# Flip off his nose



## Liljah (Jan 20, 2008)

I am trying to teach Shane a new trick, to place a piece of food on the tip of his nose and have him flip it in the air. I can't get him to hold his head straight for me to even place the food on his nose. He is so food driven it is hard to get him to focus on anything else but the piece of food in between his eyes. Where can I start?


----------



## Barb E (Jun 6, 2004)

I started with the wait command and something bigger than a bit of food. Though usually not as large as in my avatar







a nylabone worked very well.

To be honest, I really don't remember all the steps but I love that fact now that he does it.


----------



## Liljah (Jan 20, 2008)

Could you balance a bone on their nose? It keeps tipping on me. and Shane is looking at me with that "WTH are you doing?"

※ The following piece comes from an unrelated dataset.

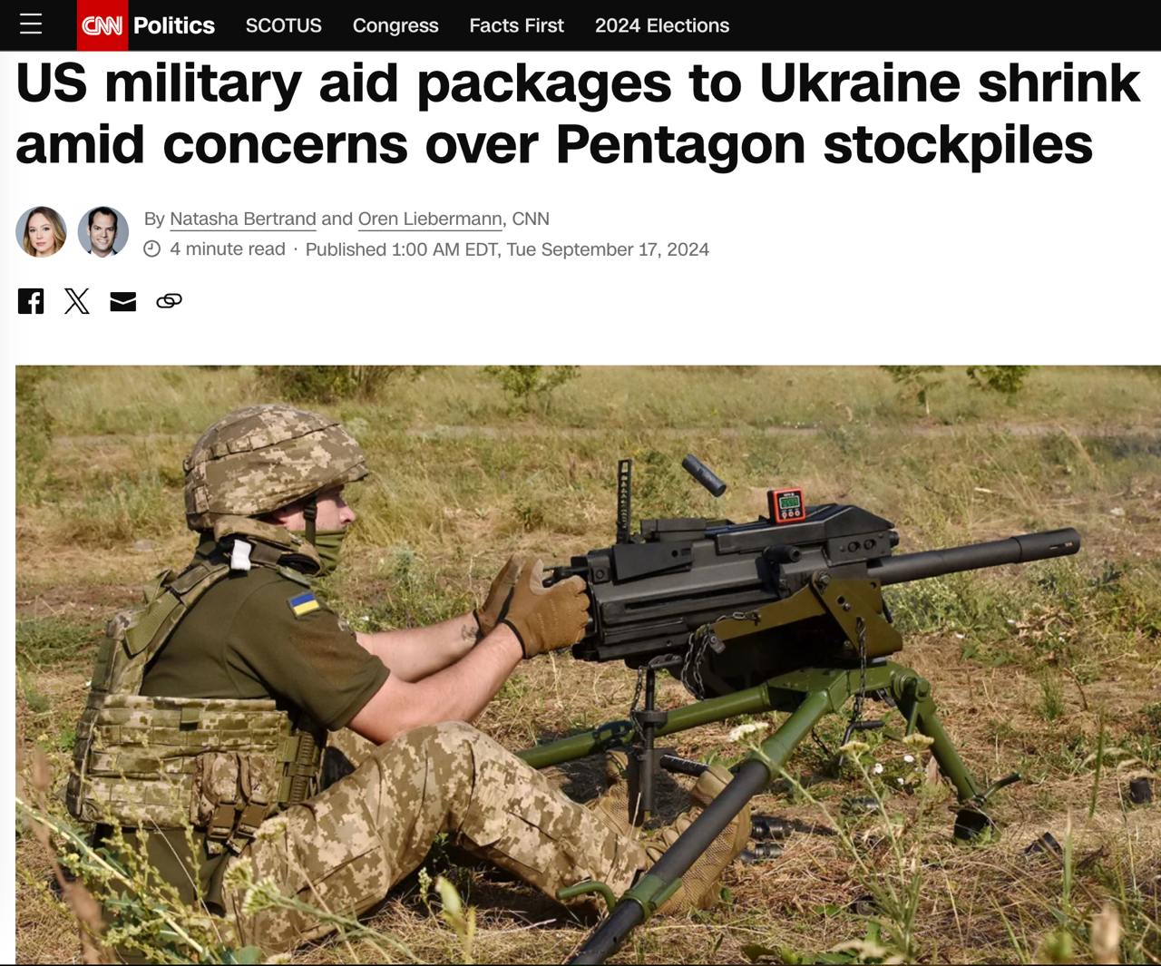За даними видання, США вже кілька місяців стали відправляти Україні менше військової допомоги, тому що скоротилися їхні власні запаси, наприклад, 155-мм боєприпасів і ракет для Patriot.

I would love for him to do it too...he is just being stubborn old Shane.


----------



## Barb E (Jun 6, 2004)

> Originally Posted By: LiljahCould you balance a bone on their nose?


----------



## WISLADY (Apr 9, 2007)

Cool!


----------



## Liljah (Jan 20, 2008)

Thanks! that look in the picture "aw ma, do I have to? This is so embarassing!"


----------



## Barb E (Jun 6, 2004)

And yet again - Taken today


----------



## Liljah (Jan 20, 2008)

he is such a good sport!!


----------